[Supplied data Boundary: Start]
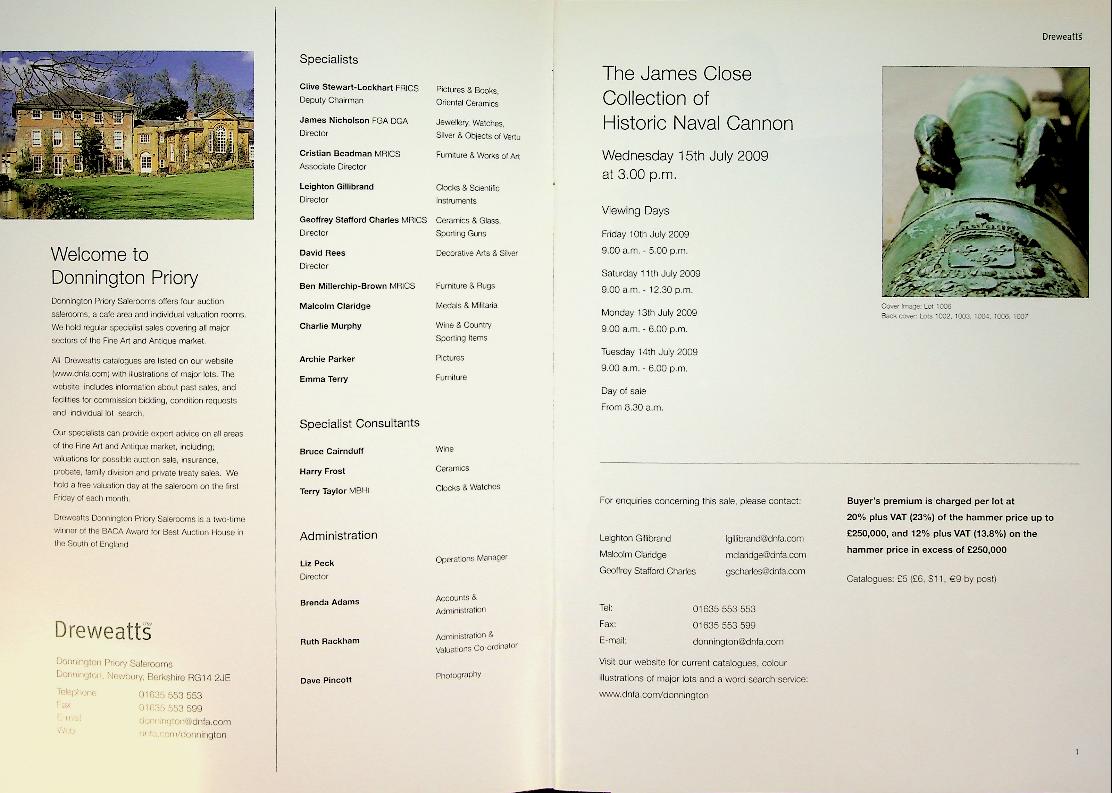Collective: 2009 Dreweatts Auction House UK, softcover, 16 pages, with photos and all the information of the Cannons for the auction Sale. In very good condition
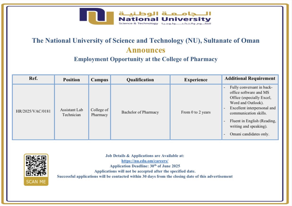 الجامعة الوطنية للعلوم والتكنولوجيا - وظيفة شاغرة
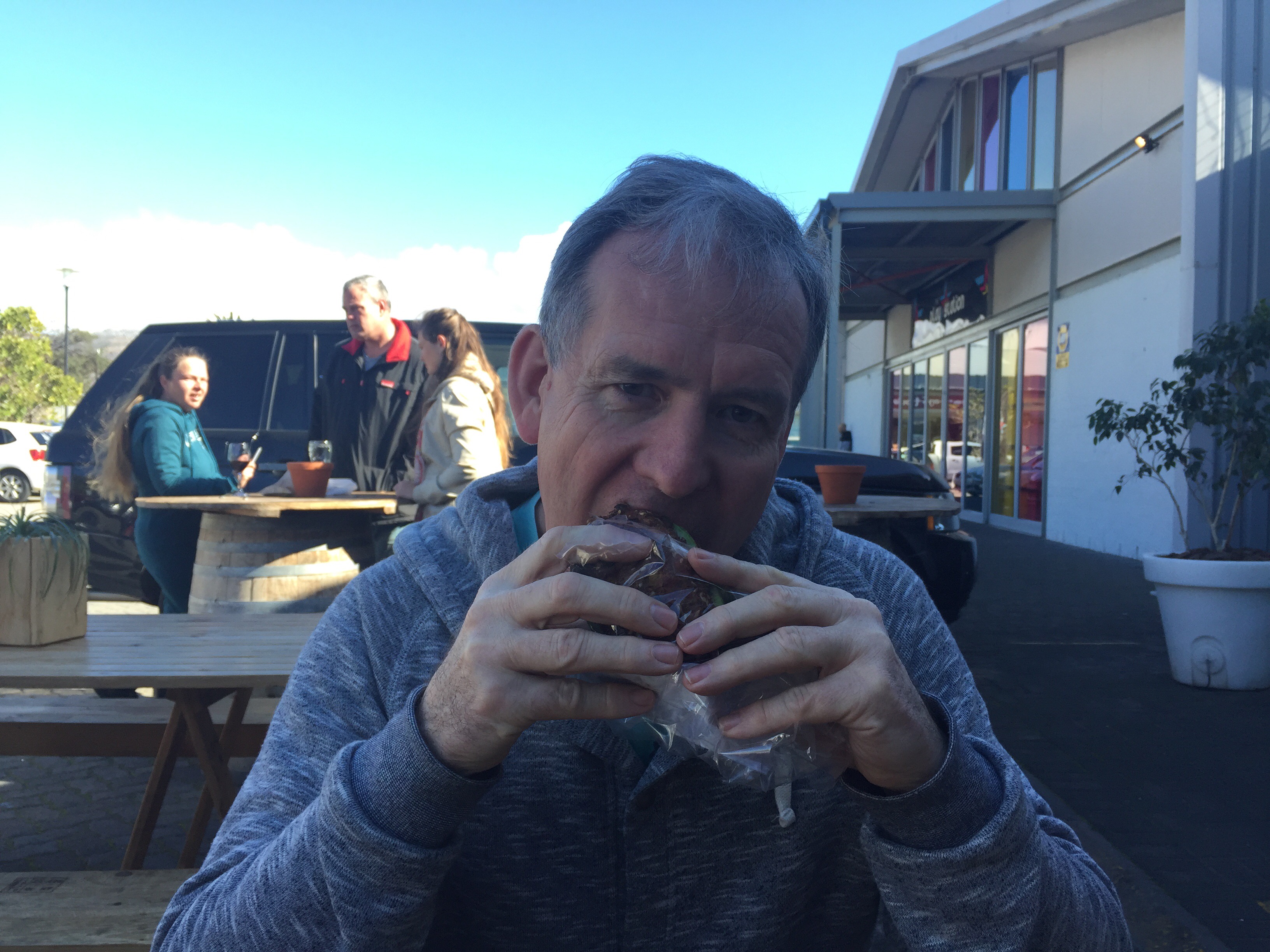 We grabbed a chicken sandwich, an Origin coffee and a table out in the sun.
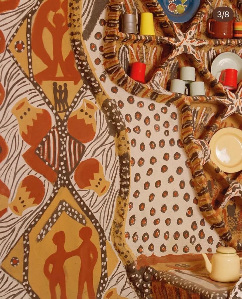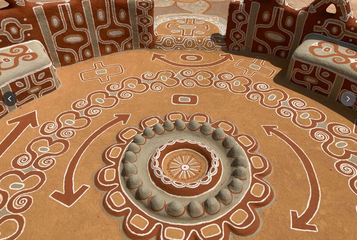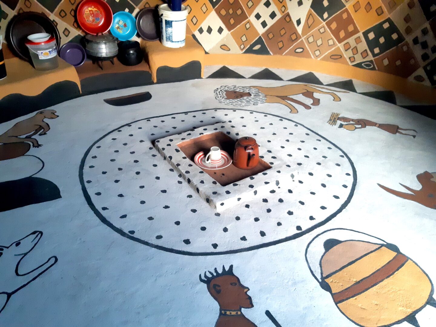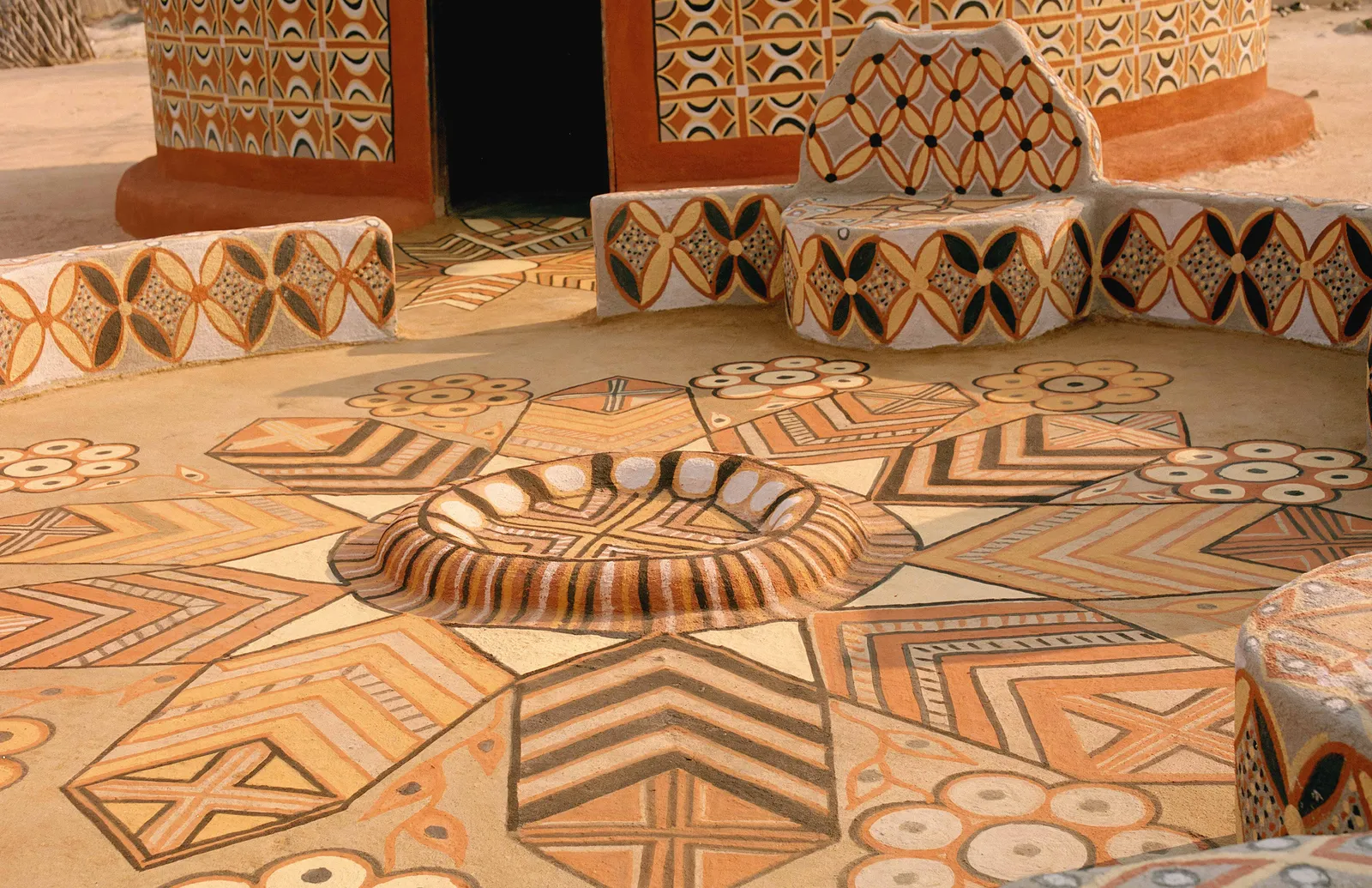 הצבעים הלבנים של הרונדבל, בית כפרי, נגזרים מאפר עץ האומטסווירי, והאדום והצהוב מחימר. מבנים עם צורות של לבנים מרובעות מקושרים לחיי העיר ולכן נתפסים כסימן לקידמה ולשגשוג. לאמנות יש קצב, המושג באמצעות מוטיבים חוזרים כמו משולשים, עיגולים, שברון וקו צולב. יש להם סמליות מיוחדת: השברון למשל, מייצג את הרציפות של המין האנושי, הנצח.
[Supplied data Boundary: End]
Set the entire listing down again, exact in every line, without any pictures.

Final answer:
Collective: 2009 Dreweatts Auction House UK, softcover, 16 pages, with photos and all the information of the Cannons for the auction Sale. In very good condition
 الجامعة الوطنية للعلوم والتكنولوجيا - وظيفة شاغرة
 We grabbed a chicken sandwich, an Origin coffee and a table out in the sun.
 הצבעים הלבנים של הרונדבל, בית כפרי, נגזרים מאפר עץ האומטסווירי, והאדום והצהוב מחימר. מבנים עם צורות של לבנים מרובעות מקושרים לחיי העיר ולכן נתפסים כסימן לקידמה ולשגשוג. לאמנות יש קצב, המושג באמצעות מוטיבים חוזרים כמו משולשים, עיגולים, שברון וקו צולב. יש להם סמליות מיוחדת: השברון למשל, מייצג את הרציפות של המין האנושי, הנצח.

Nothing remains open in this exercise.